An auto-da-fé or auto-de-fé (from Portuguese auto da fé, meaning "act of faith") was the ritual of public penance of condemned heretics and apostates that took place when the Spanish Inquisition, Portuguese Inquisition or the Mexican Inquisition had decided their punishment, followed by the execution by the civil authorities of the sentences imposed.
The most extreme punishment imposed on those convicted was execution by burning. In popular usage, the term auto-da-fé, the act of public penance, came to mean the burning at the stake.
The first recorded auto-da-fé was held in Paris in 1242, under Louis IX.
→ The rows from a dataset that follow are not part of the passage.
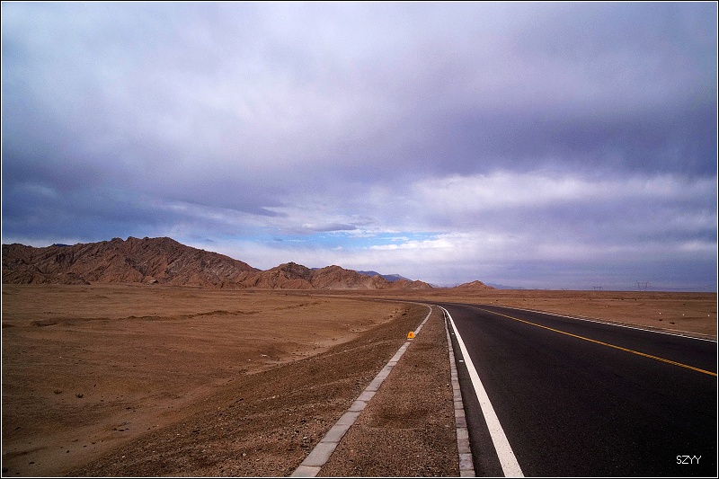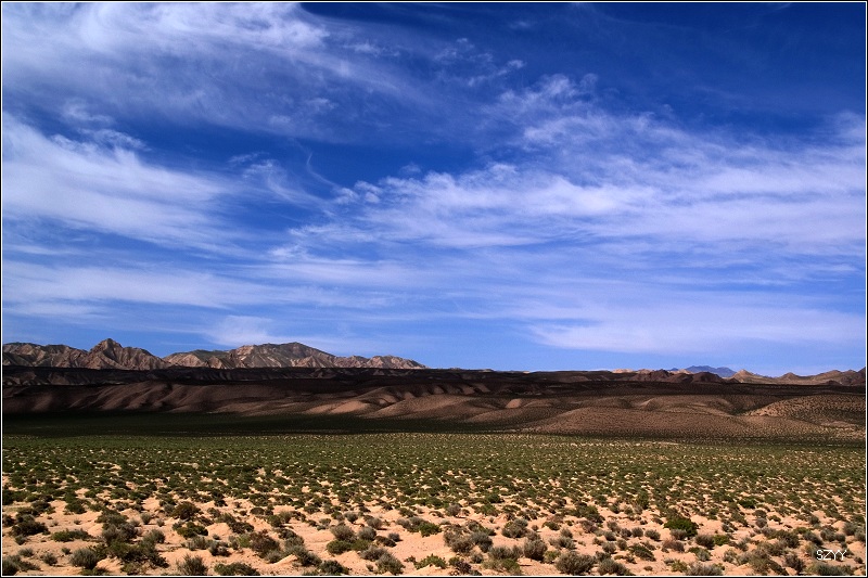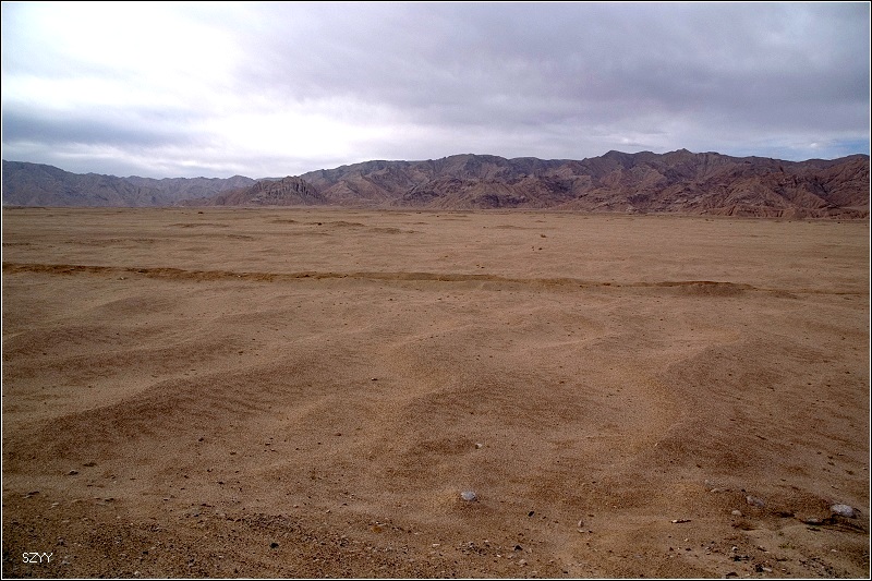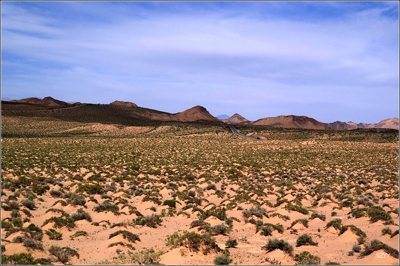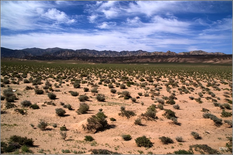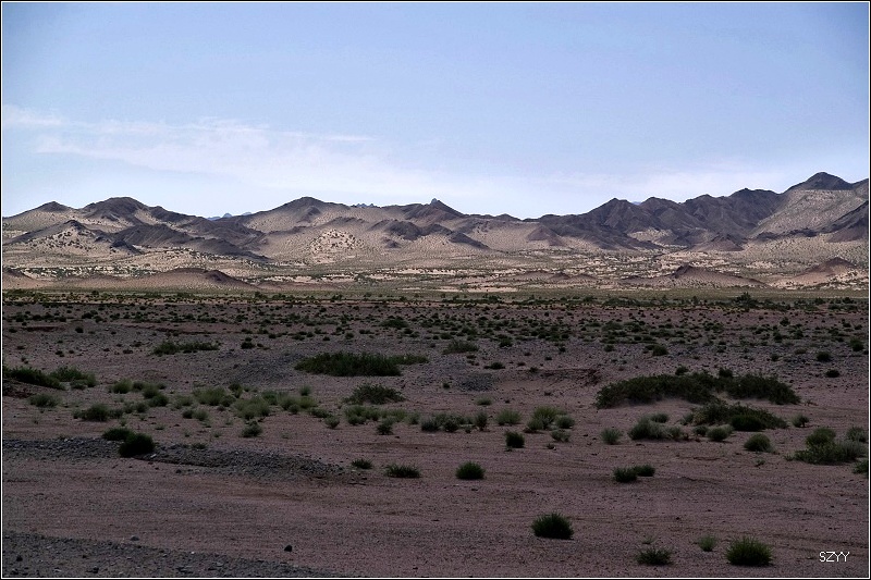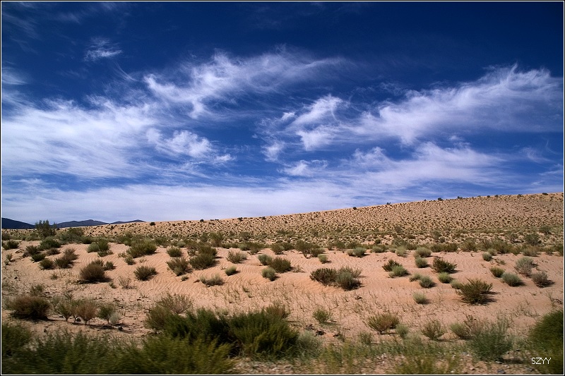 出了城,过收费站,往西宁方向,进入无人区。左侧是一望无际的柴达木盆地,右面是连绵不断的橙黄色的布尔汗布达山脉,景色极为单调乏味,除了沙漠中星星点点的红柳外,几乎没有绿色。开车很容易困乏,先是北方郎开,然后换达咏,这段路很长很长,似乎永远走不完一样,他们开车,我们就在后面睡觉,睡了几觉,醒了几次,外面的景色似乎没有任何变化,也很少看到其他车辆,就我们一辆车,孤零零地在一望无际的平原上飞驰,甚至让人产生一种幻觉,就是在玩游戏机,持续着开车的同一个姿势,一坐就是几个小时,确实很累。笔直的道路延伸到天边,车速很难控制,因为周围近处没有什么参照物,稍不小心就达到一百五六十km/h,甚至达到180km/h,也不觉得快,看看时速表,才发现,赶紧把速度降下来。
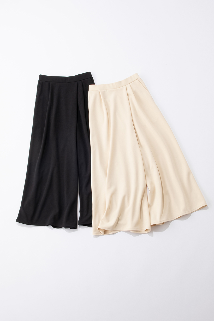 お仕事シーンに間違いなしのオフベージュ、ブラックの他、ソフトグリーンとブラウンの全4色展開。スカーチョ各¥3,290~(ともにラクドライ/ベルメゾン)
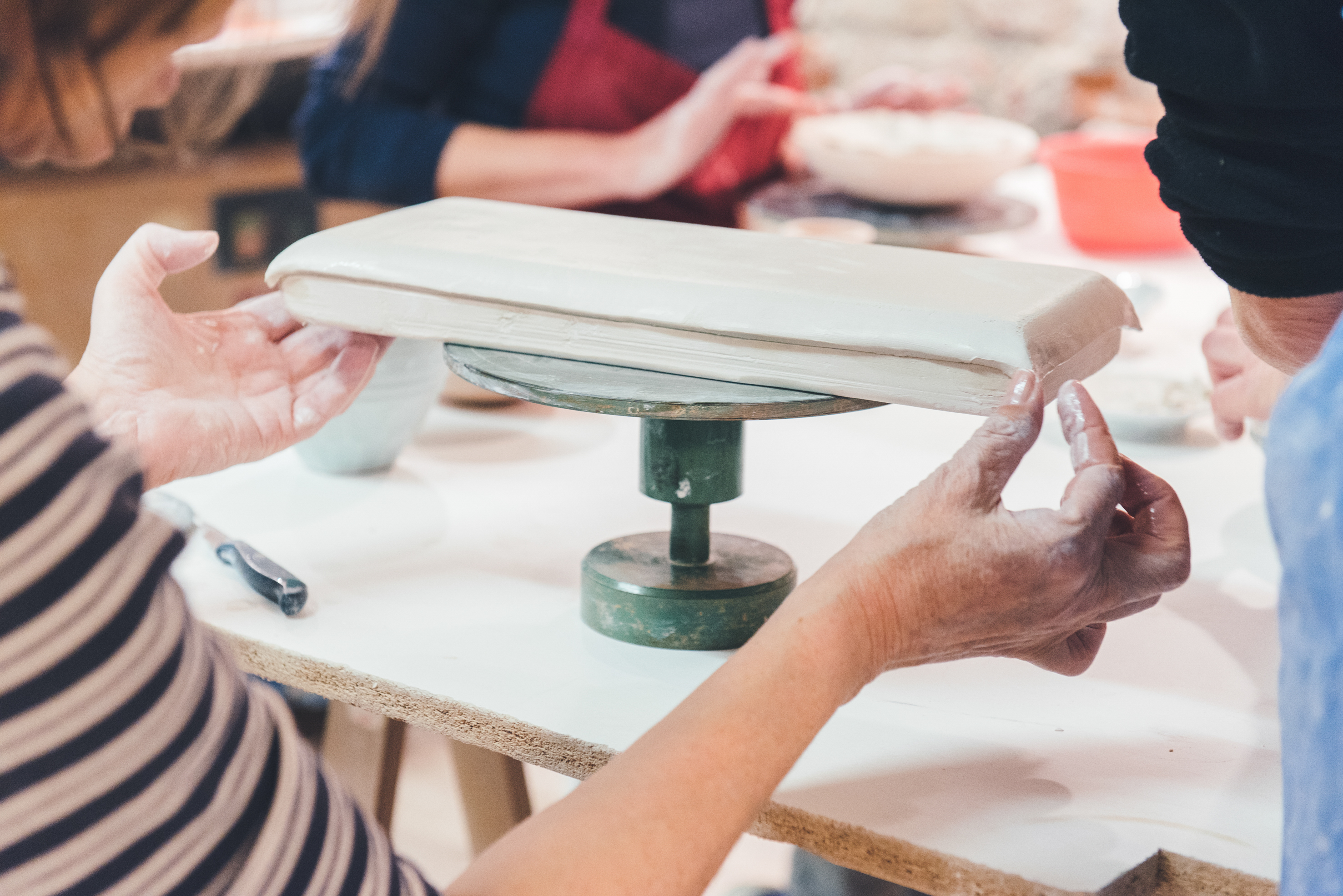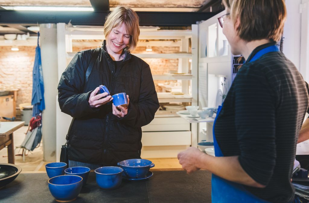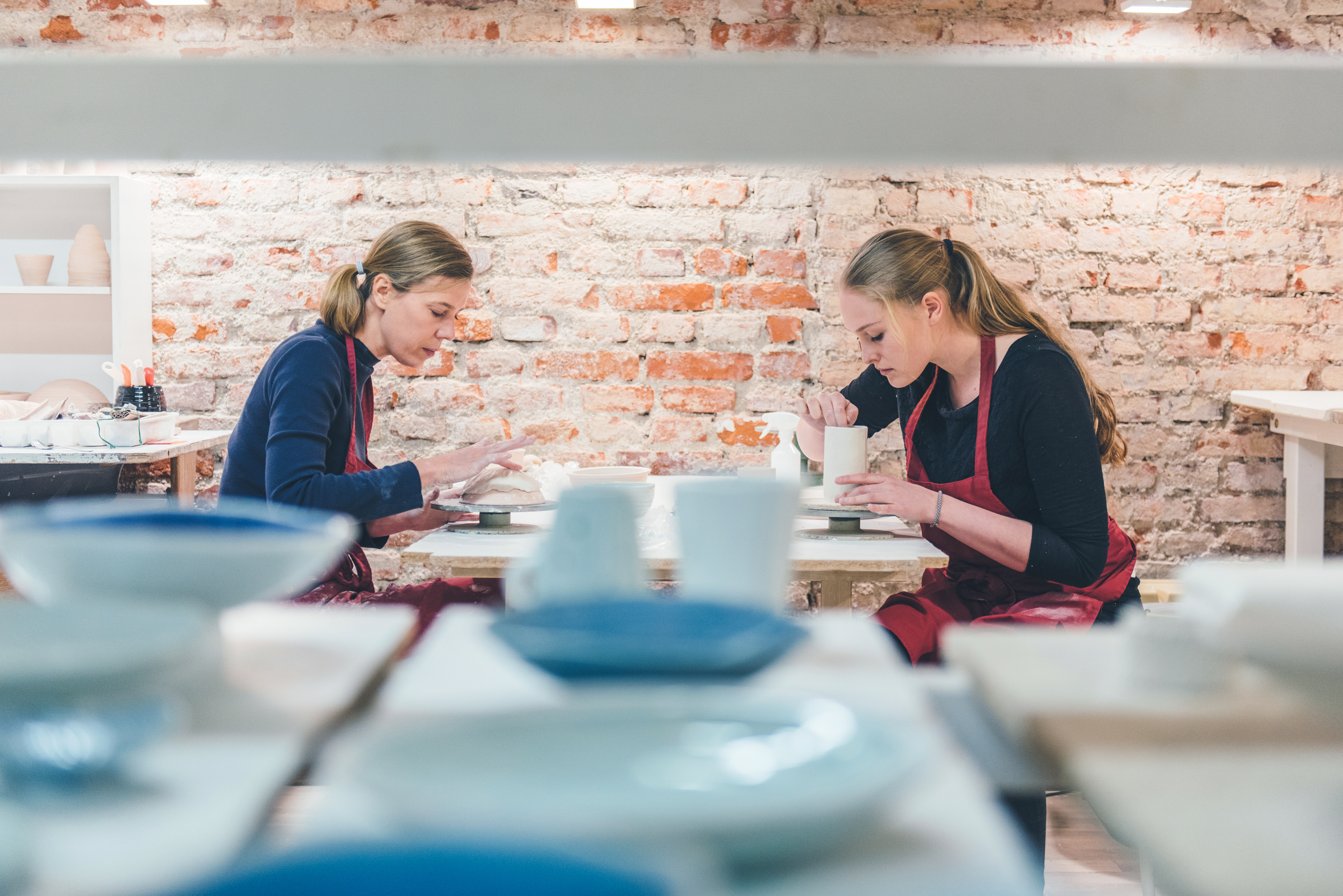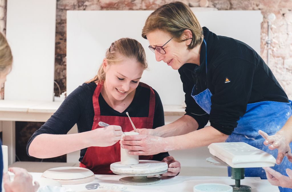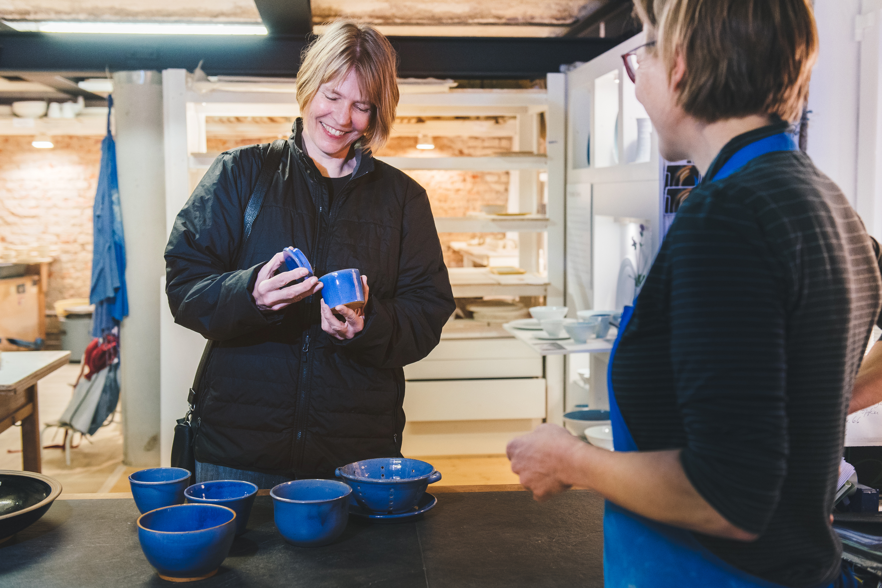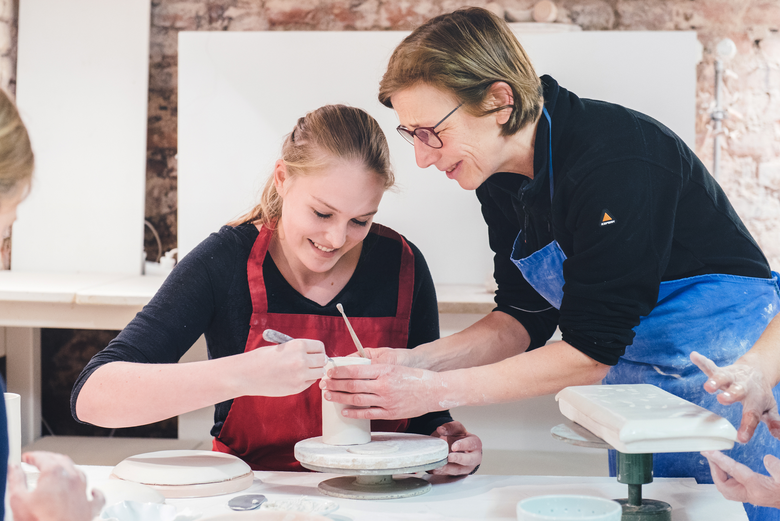 Manchmal verwandelt sich unsere Werkstatt in eine sympathische Lehranstalt mit einer entspannten aber konzentrierten Atmosphäre. In kleiner Gruppe und anregender Umgebung erklären wir den handwerklichen Umgang mit Ton und Porzellan. Dann hilft eine von uns jedem Teilnehmer mit Kniffs und Tricks weiter. Was fast einer Garantie dafür gleichkommt, dass nach dem späteren Brand ein wahrhaftes Lieblingsstück gelungen ist.
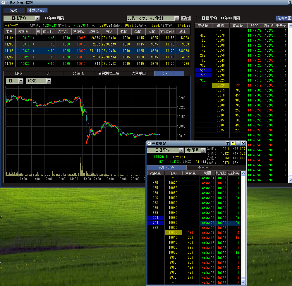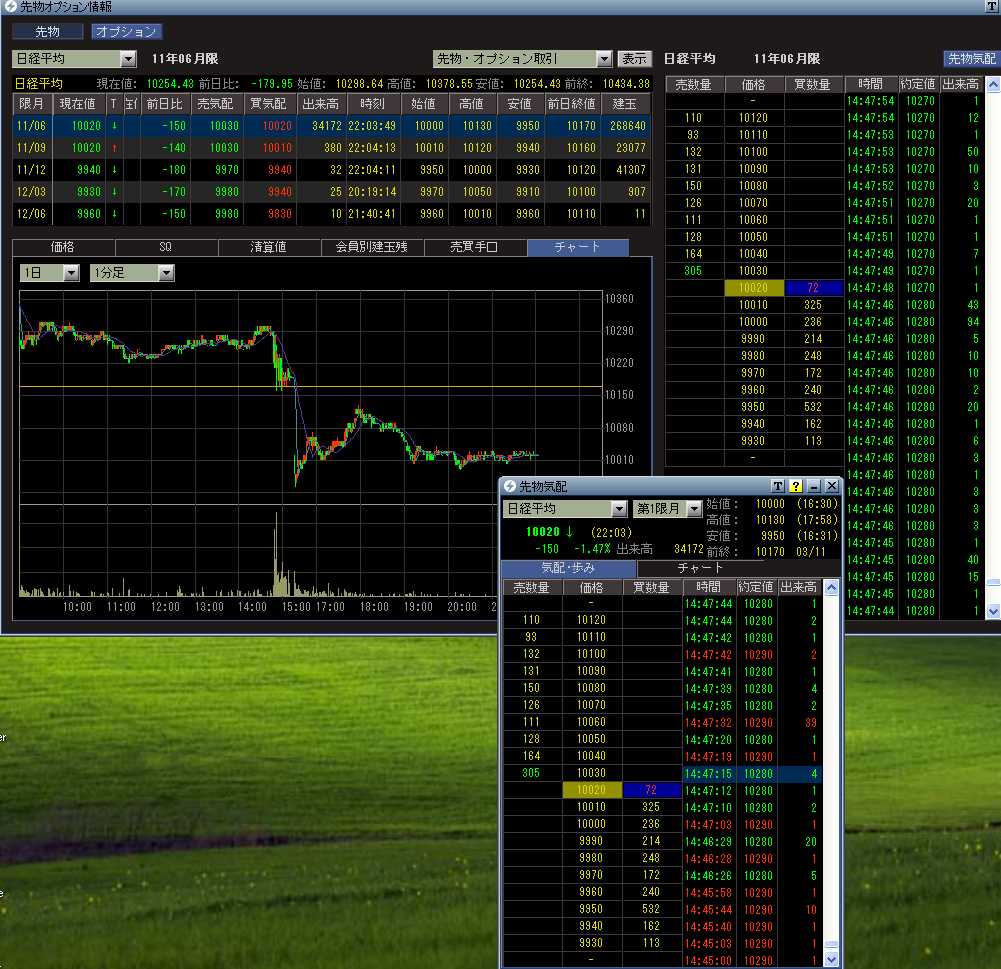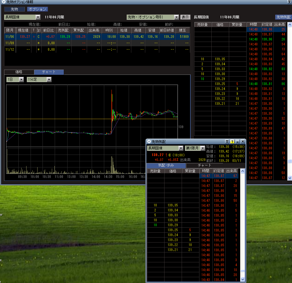 東北地方太平洋沖地震が発生したときの先物の歩み値です。
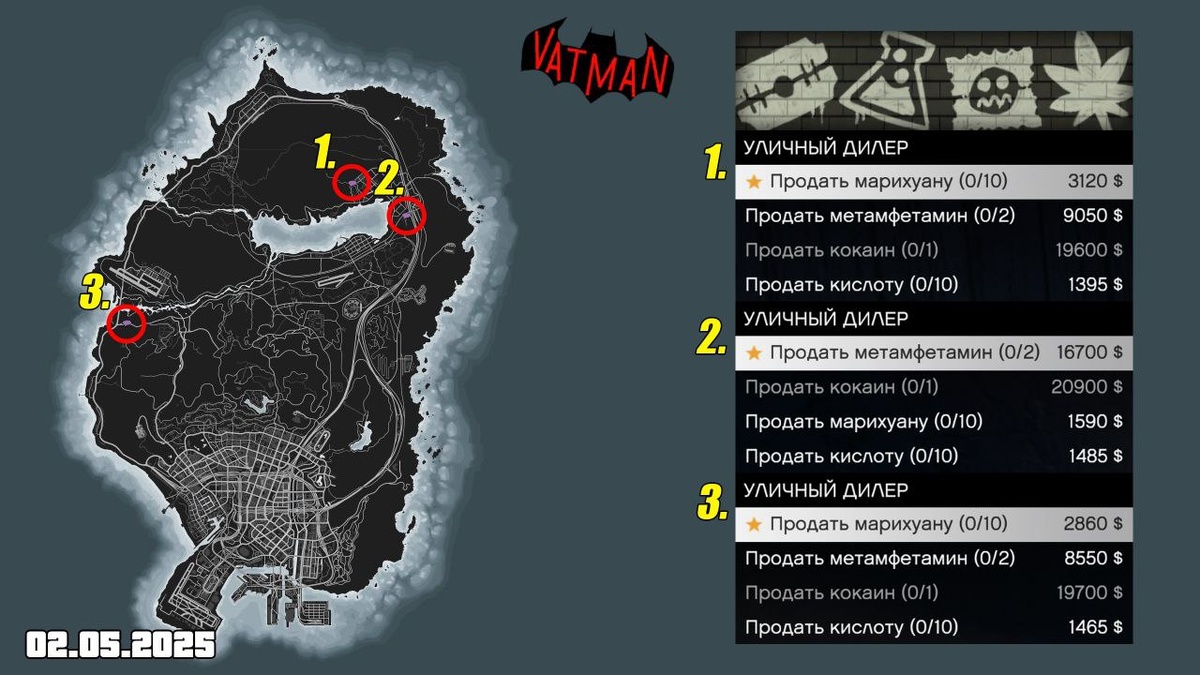 Расположение дилеров в GTA Online на сегодня (2 мая)
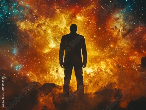 Silhouette of a man against cosmic explosion space environment digital art starry background inspirational concept
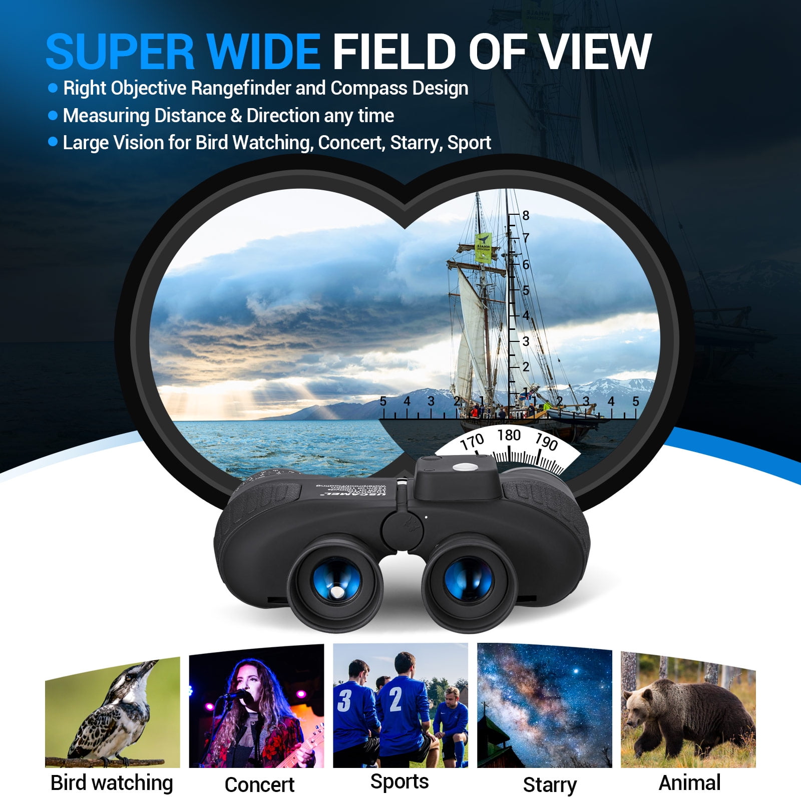 【Fogproof Dustproof Waterproof Binoculars】The Marine Binoculars come with nitrogen-filled waterproof design. O-ring sealed for complete waterproof and float on water so no worries if dropped into the water. Dry nitrogen-purged and sealed thermal Binoculars to prevent moisture damage in all weather conditions, necessary boating equipment.

On 1 November 1478, King Ferdinand and Queen Isabella received permission from Pope Sixtus IV to name Inquisitors throughout their domains, to protect Catholicism as the true faith. It originally applied to the Crown of Castile — the domain of Isabella — but in 1483, Ferdinand extended it to his domain of the Crown of Aragon. Ferdinand's action met with great resistance, and resulted in the assassination by conversos in 1485 of Pedro de Arbués. In spite of this social discontent it is considered that between 1487 and 1505 the Chapter of Barcelona processed more than 1000 people, of which only 25 were absolved.
The monarchs immediately began establishing permanent trials and developing bureaucracies to carry out investigations in most cities and communities in their empire. The first Iberian auto-da-fé took place in Seville in 1481; six of the men and women who participated in this first religious ritual were later executed. Later, Franciscan missionaries brought the Inquisition to the New World.